A card game for 3 – 6 year olds
Research has shown that children as young as two are already able to differentiate between larger and smaller amounts, even though they cannot necessarily give an accurate account of the number. We need to draw on this natural ability and harness it in teaching them about quantities at a young age.
It is on this basis that QUANTIFEEL has been developed. The central aim of the game is to give children the opportunity to visually and cognitively develop a feeling for the quantities of one to ten (and combinations thereof) without involving any symbols. Learning numbers is quite a complicated procedure actually when broken down into the three main characteristics of a number:
Quantity (or value)
Label (or name)
Symbol (or formal representation that universally depicts the number)
Numbers also have both ordinal (first, second, third – related to order) and cardinal (value related) functions. This game allows children different activities and opportunities for exploring and learning both these functions.

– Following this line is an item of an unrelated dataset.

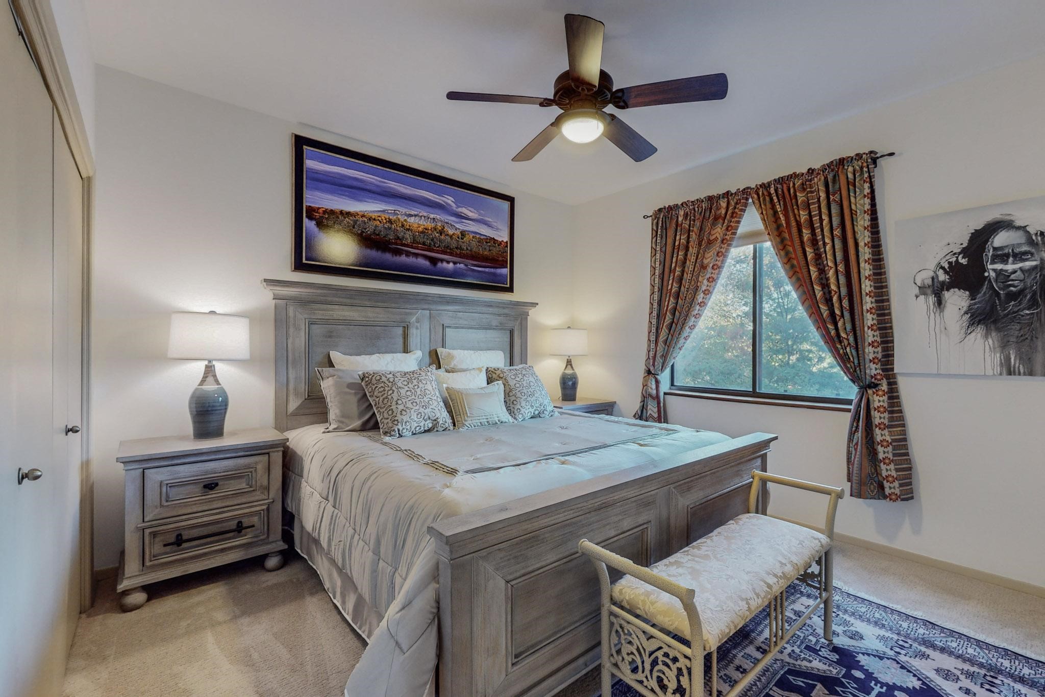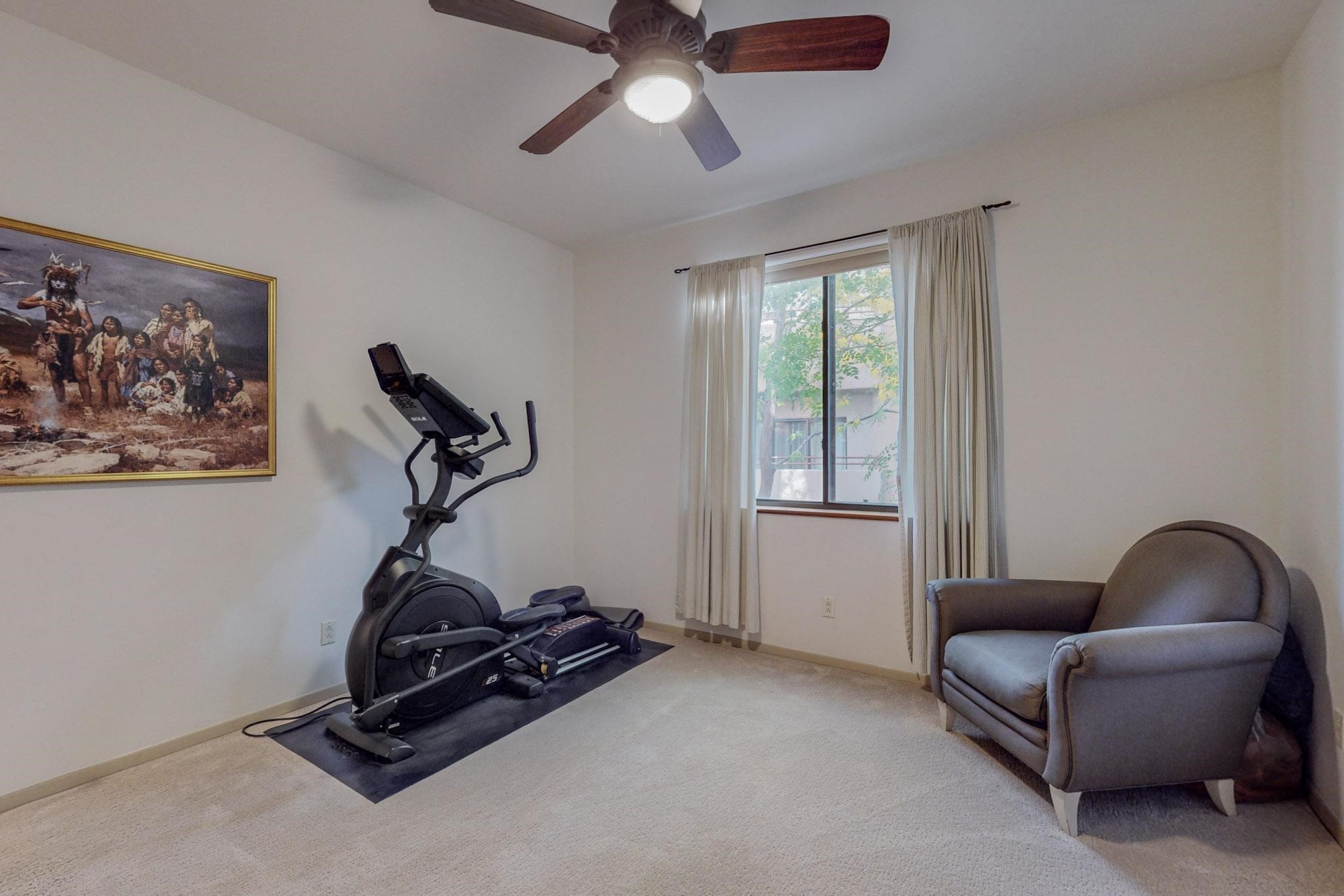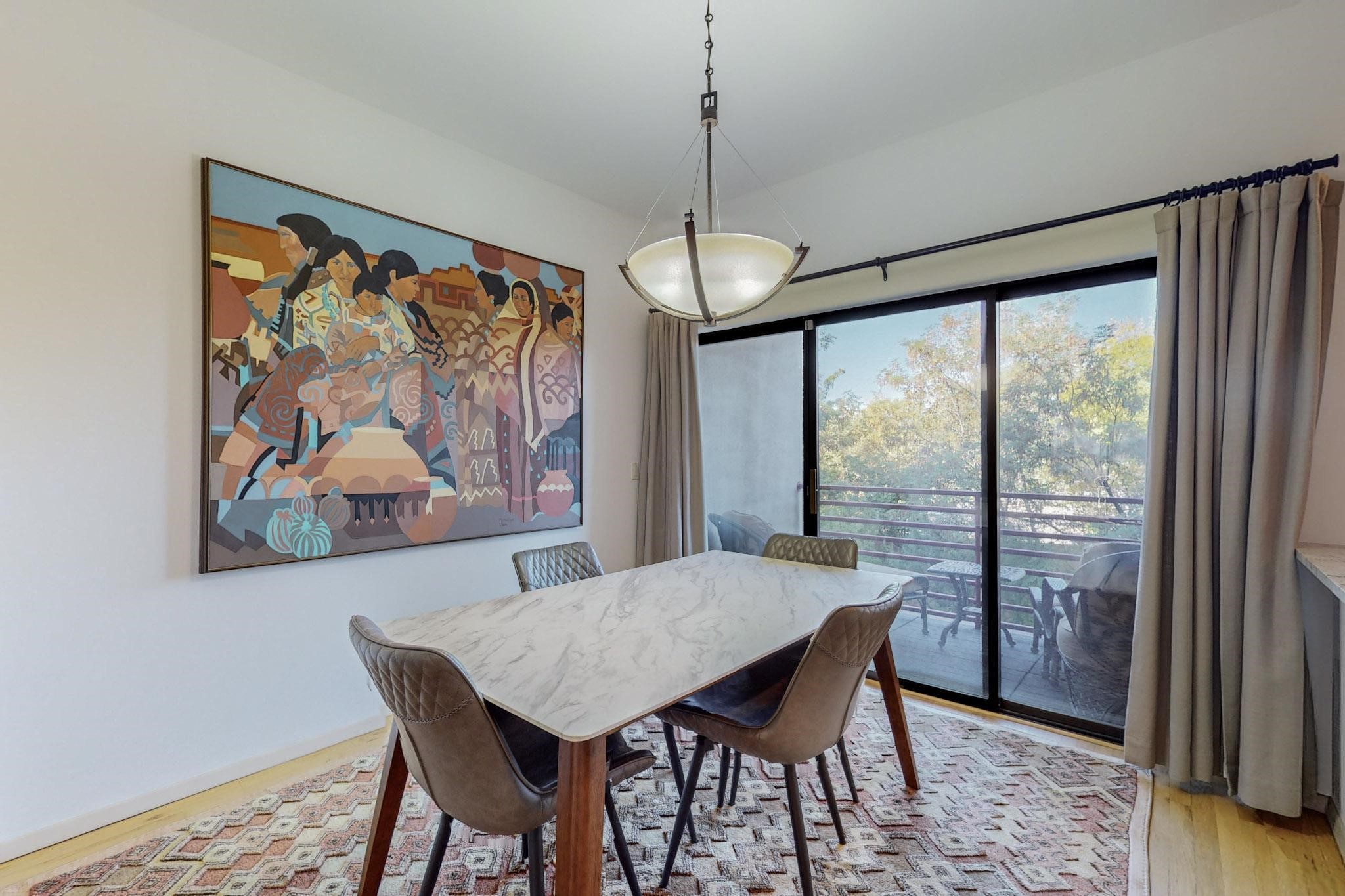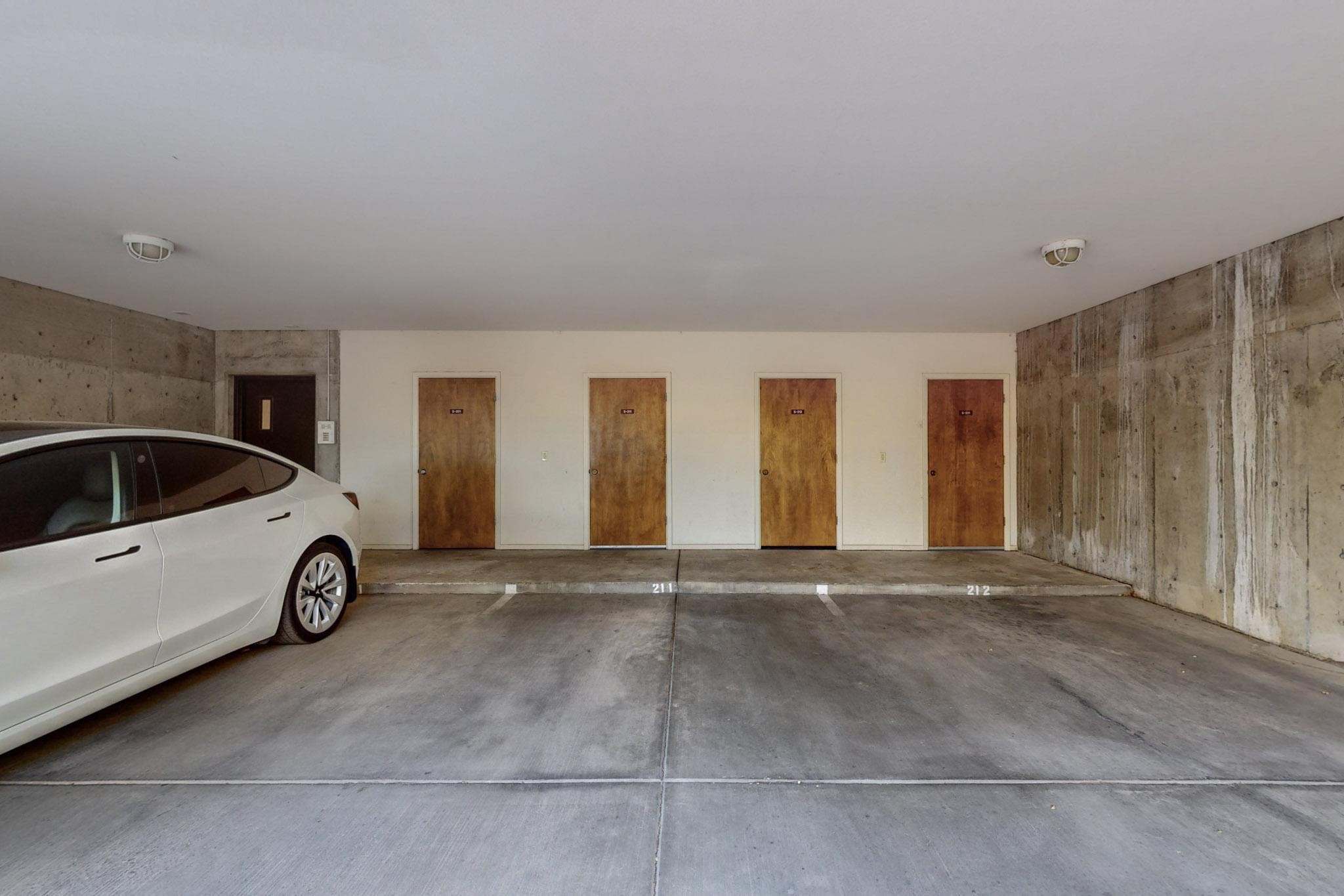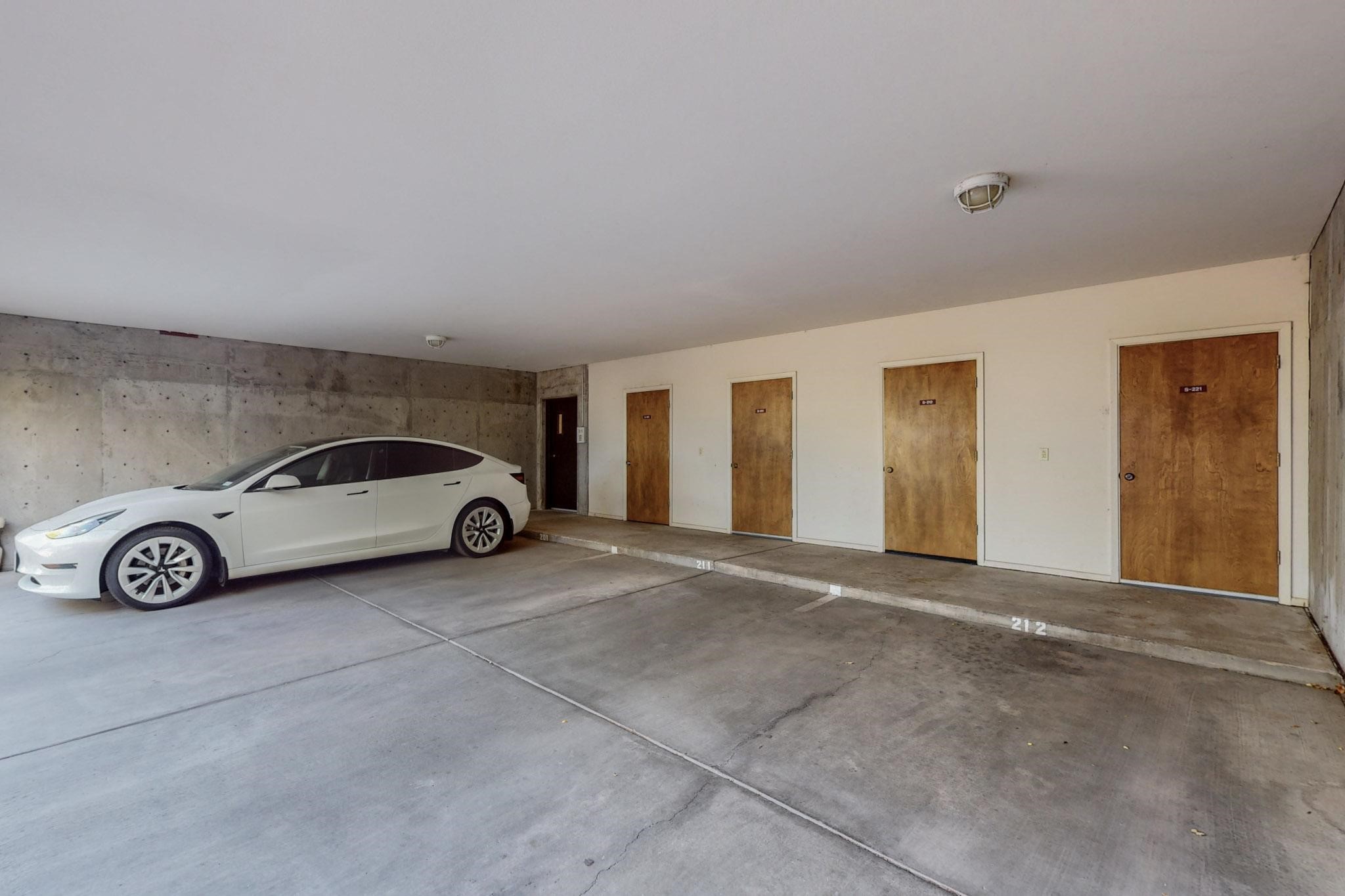 This beautiful home is an urban oasis surrounded by mature trees in a superb midtown location with beautifully inviting landscaped entry and walkways. Close to restaurants and shopping! Perfect for access to walking trails, biking or catching the Rail Runner train just a few blocks away. An upscale and mildly contemporary condo with 2 spacious balconies overlooking a courtyard with lots of greenery, and to the west, views of the Jemez mountains and magnificent colorful sunsets. Light filled, open and very comfortable floor plan with a large, exciting kitchen that includes granite counters and substantial cabinet space including a spacious pantry. The warm hardwood flooring adds additional beauty and dimensions to the home's spacious living area and lends itself well to a variety of layouts. Two comfortable bedrooms, a large bathroom for two and centrally located utility room with a washer & dryer. A surprisingly large 6.50' X 17' ground floor personal storage unit for your seasonal items and sports equipment. Covered parking keeps your vehicle protected from the elements. A NEW roof was added in 2024 and NEW stucco will be going in 2025! This very private and quiet location is centrally located, very affordable for Santa Fe, and is ready for you to call it home!

My underlying belief (inspired by the work of Professor Piet Human and colleagues at the Ukuqonda Institute) about developing a good number sense is that we traditionally have the order wrong in teaching children the names (or labels) of numbers, and then the quantity and symbols attached to these names. In our research and experience, the more beneficial trajectory is to rather let children develop their recognition and feeling for the quantities visually (and using other senses), then give these quantities names (or labels) verbally before only later in Grade 1 introducing the symbols, which are formal representations used to depict the quantities. The symbols will have little purpose if the children do not have some sense of the value each symbol represents and how to order them.